Chinese vessel Xin Hai Tong loaded with Indonesian coal reached Payra jetty at around 1:30 pm on the day, managing director of Bangladesh-China Power Company Ltd Md Khurshedul Alam told the FE.

He said this power plant will facilitate commissioning of the first 660-MW unit of the power plant.

The Chinese vessel carried around 200,000 tonnes of coal from Indonesian firm PT Bayan Resources Tbk, said Mr Alam.

It set sail for Bangladesh on September 10. The second coal cargo is expected to reach Payra jetty in October.

Officials said the construction work on the $1.98-billion power plant in Patuakhali is going on in full swing.

Around 85 per cent work on the under-construction facility, some 320 kilometres south off Dhaka and close to the proposed Payra seaport, has already been completed.

State-run Power Grid Company of Bangladesh Ltd has been working to complete a 400-kilovolt transmission line by September 30 to ease power evacuation from the plant.

The 1,320-MW Payra power plant would be the first such facility which will run on imported coal.

BCPCL, the project executor, has signed an agreement with the Indonesian supplier to annually import an estimated 4.0 million tonnes of coal for 10 years to operate it.

Coal price has been tagged with the Newcastle international coal price index having a discount of up to 60 per cent depending on the price movement.

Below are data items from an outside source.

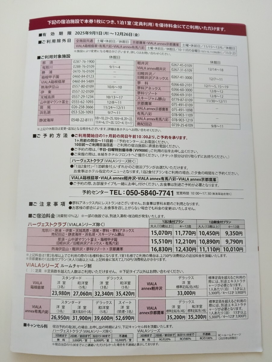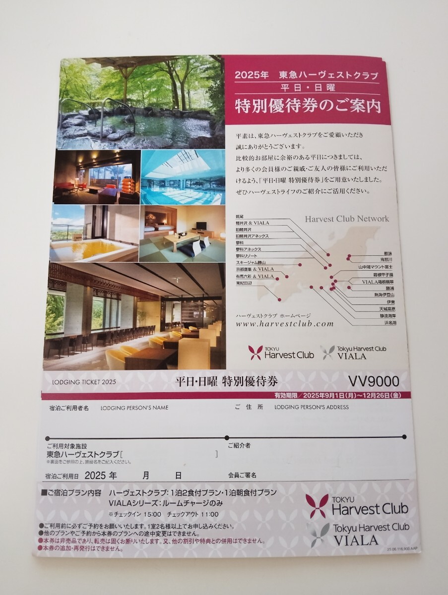 東急ハーヴェストクラブ 特別優待券 平日・日曜日利用可能 1枚(4枚まで) 有効期限2025.12.26 利用券 那須 鬼怒川 熱海 VIALA箱根 旧軽井沢
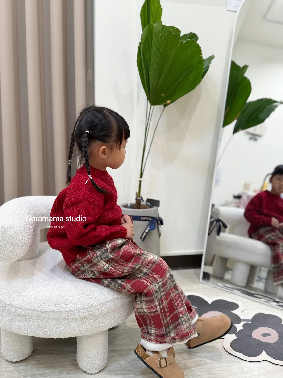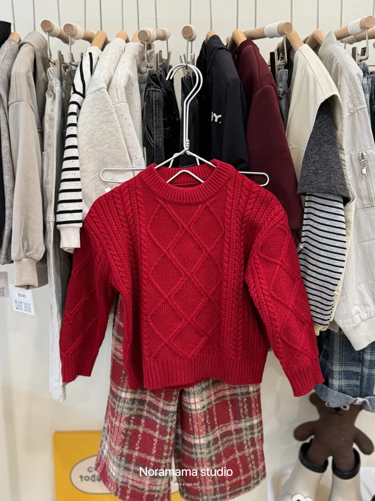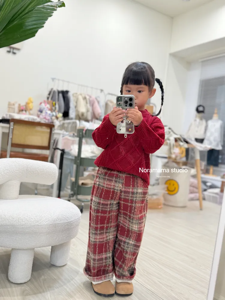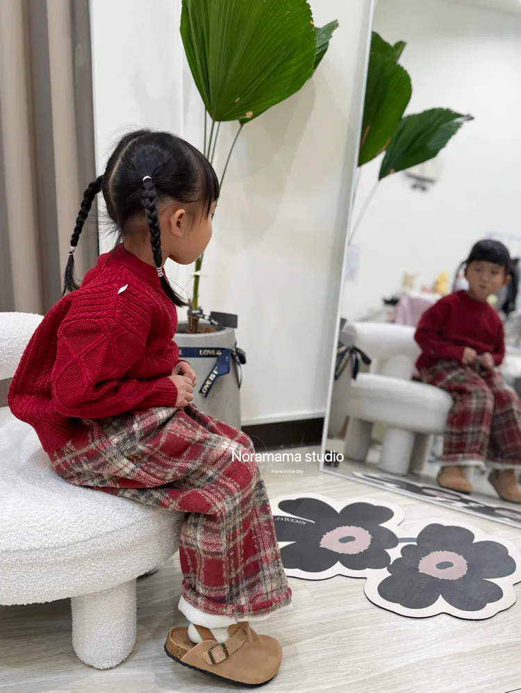 [90-140碼]加絨款#喜氣洋洋針織格紋套裝
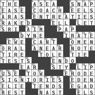 ACROSS 1. Definite Article 4. At sea 8. Fastener 12. Relaxation 14. Team commander 16. Snakelike fish 17. Caspian sea tributary 18. Pleas 20. Moved through 22. Pipe bend 23. Allow 24. _ Lanka 25. Direct toward a target or goal 28. Infant food 30. Unit of force 31. Feeling or showing extreme anger 35. She-sheep 37. Patter 40. Sign of things to come 41. Relating to the mouth 42. Approach 44. Brief written record 45. Become fatigued 46. Lacquered or enameled metalware 47. Make a knot 48. Trials 50. Inside; within (prefix) 52. Ewer handle 54. Filthy place 55. Mouth edge 58. Purpose 61. Pull behind 63. Wear away 65. Seigniories (variant) 70. Paradise 71. Writer Wiesel 72. Watches over 73. Mild oath 74. Repose 75. Political cartoonist Thomas 76. Raised railways DOWN 1. Rends 2. Ethiopian city, capital of Harari 3. 1973 Nobel Price Winner (Physics) Leo 4. Adept person 5. Manchild 6. Consume 7. Measure of real estate 8. Arrange properly for use 9. Famous astronaut Armstrong 10. Toward shelter 11. Inconspicuous attention getter 13. Compass dir. 15. Assist 19. Jai _ 21. 24 hours 26. South American Indian 27. Intended 29. Right away 30. Keyboard key 32. Mine, in Marseilles 33. False hair 34. Compass dir. 35. One of the Great Lakes 36. Armed conflicts 38. Modern: prefix 39. Stories 41. Baseball player Mel 43. Monthly bill 49. Suttee (variant) 51. Color 53. Carrot, for example 55. Cabin 56. Perfect 57. Depends 58. One who makes use of a thing 59. Drop; flow; fall 60. Armor plate that protects the chest 62. Songbird 64. Portuguese money of account (variant) 66. Fish or hair follower 67. _ tizzy (2 wds.) 68. Begley and Asner 69. Fast jet (abbr.)
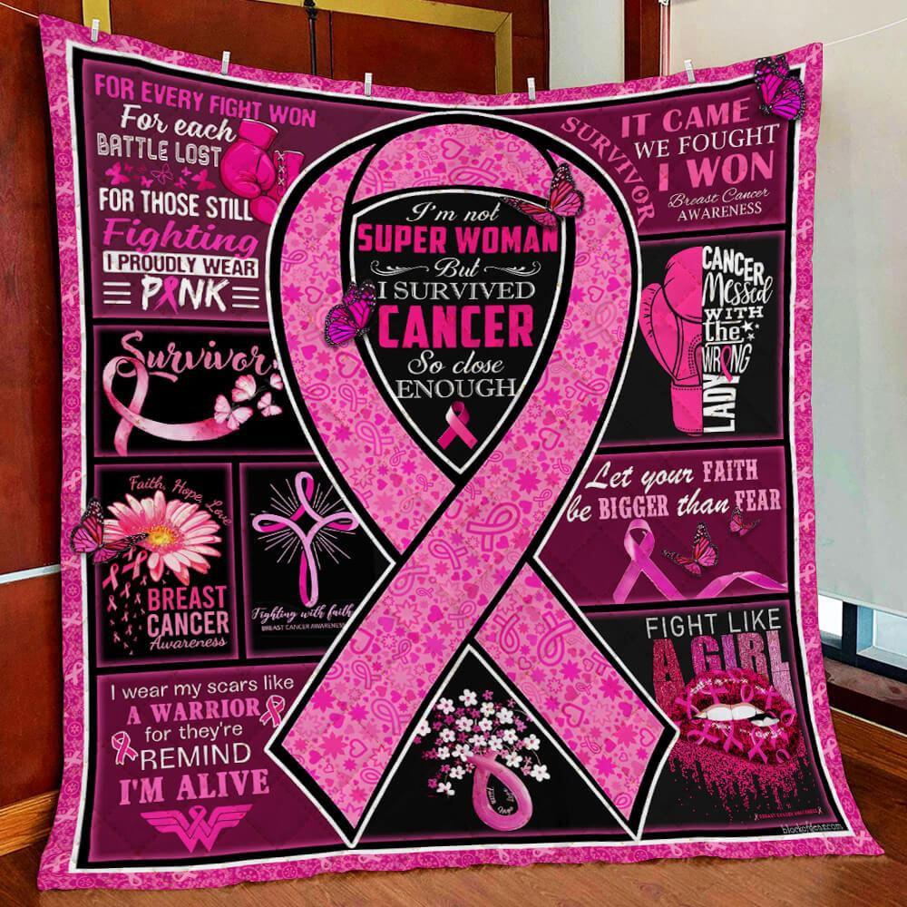 I'm Not Super Woman I Survived Cancer, Breast Cancer Fleece & Sherpa Blanket
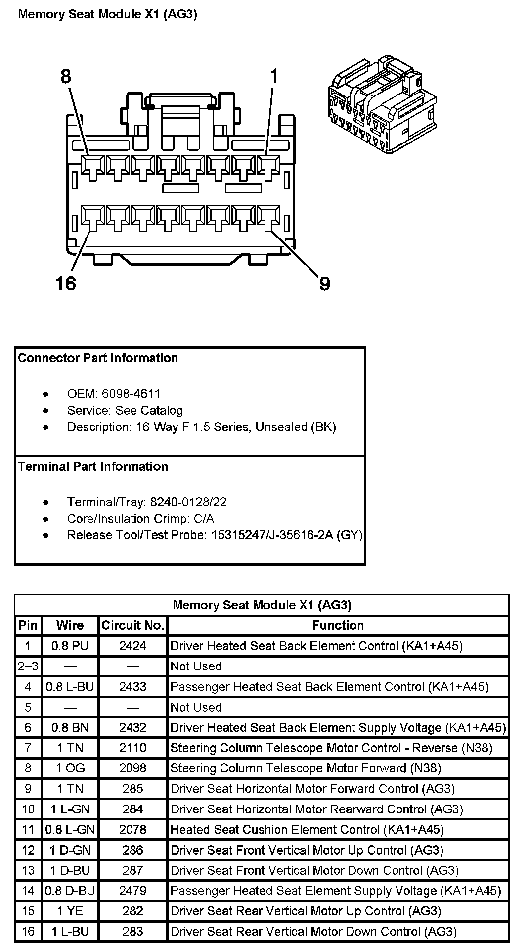Memory Seat Module X1 (With RPO Code AG3):
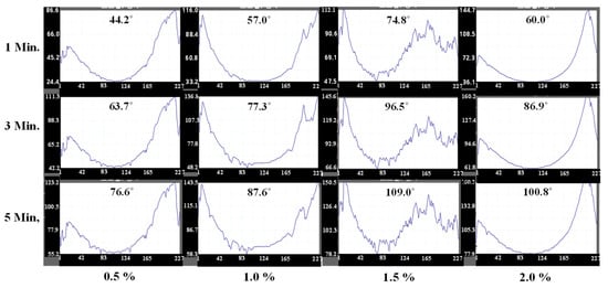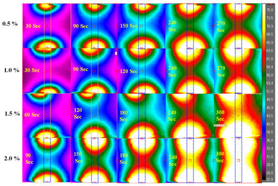 The amount of the diffused heat reduces as the radius of the circle increases and the area between these two half circles, i.e., the middle part of the prism is heated less due to its smaller resistance compared with the near-electrode parts. This makes the temperature of the middle part much lower than the electrode side. However, as the heating time increases, a clearly visible heated corridor having a width comparable to the dotted rectangle in each image appears between these two circles, as shown in the 270 sec image of 0.5%, 240 sec images of both 1.0% and 1.5%, and 180 sec image of 2.0%. These corridors identify the presence of the minimum volume. The further increase in the heating time induces the circles to contact and overlap with each other, as shown in the 300 sec image of 1.5% and the 240 sec and 300 sec images of 2.0%. Figure 5 also shows that the circles have bigger radii as the fiber percentage increases.
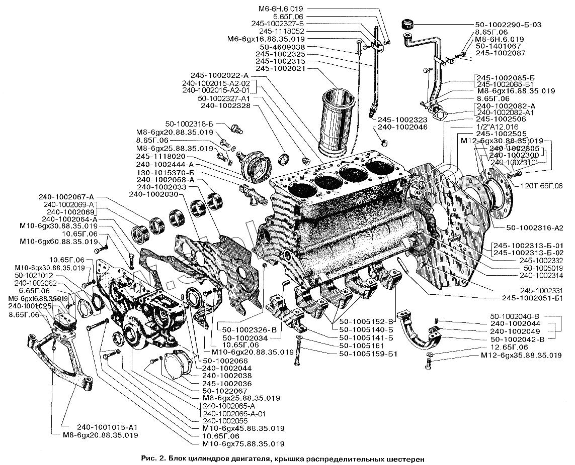 Каталог запасных частей к технике: ЗИЛ-3250. Блок цилиндров, крышка распределительных шестерен

Discount would increase if coal price shoots up globally and it would decrease if the price slides.

Initially, BCPCL will import directly from Indonesia with half-loaded 'Supramax' vessel having the volume of around 20,000 tonnes per cargo, said a BCPCL official.

After successful construction of transhipment facility in the Andaman, mother cargo vessel would be able to carry coal for the power plant, he added.

The first unit having 660-MW capacity at the power plant would go into operation by December 2019 and the second one having the same capacity by June 2020.

Some 13,000 tonnes of coal will be required per day to run the plant with full capacity.

It will use the best coal and apply ultra-supercritical technology with minimal environmental impacts, said a senior official of power division under the power, energy and mineral resources ministry.

BCPCL is a 50-50 joint venture between Bangladesh's NWPGCL and China National Machinery Import and Export Corporation (CMC).

BCPCL has been supplying 20 per cent equity to implement the project and the remaining 80 per cent is being sourced as loan from Exim Bank of China.

Bangladesh has issued a $1.0-billion worth of state guarantee in favour of the Chinese loan to this end.

It has allocated 998.77 acres of land to NWPGCL for the project on a turnkey basis by using eco-friendly ultra-supercritical technology.

The country started importing a huge quantity of hard black mineral to run the coal-fired power plant only due to non-availability of local coal.

It has five coal mines but extracts coal only from Barapukuria mine in Dinajpur, utilising the underground coal-mining method.

Barapukuria Coal Mining Company Ltd (BCMCL) annually extracts around 1.0 million tonnes, most of which is consumed by the nearby Barapukuria thermal power plant.

According to the power system master plan, officials said, the government expects to generate around 50 per cent of the local overall electricity from coal.

As planned, the government will have to generate around 12,000 megawatt of electricity from coal by 2024 while 20,000 MW by 2030 and 30,000 MW by 2041.

But the country has only three coal-fired plants having the total generation capacity of only 524 MW.

Currently, the government has been working on three major power generation hubs at Payra in Patuakhali, Maheshkhali and Matarbari in Cox's Bazar where several big import-based coal-fired power plants will be built.

The construction work on a 1,320 MW coal-fired power plant at Rampal in Bagerhat is also going on in full swing.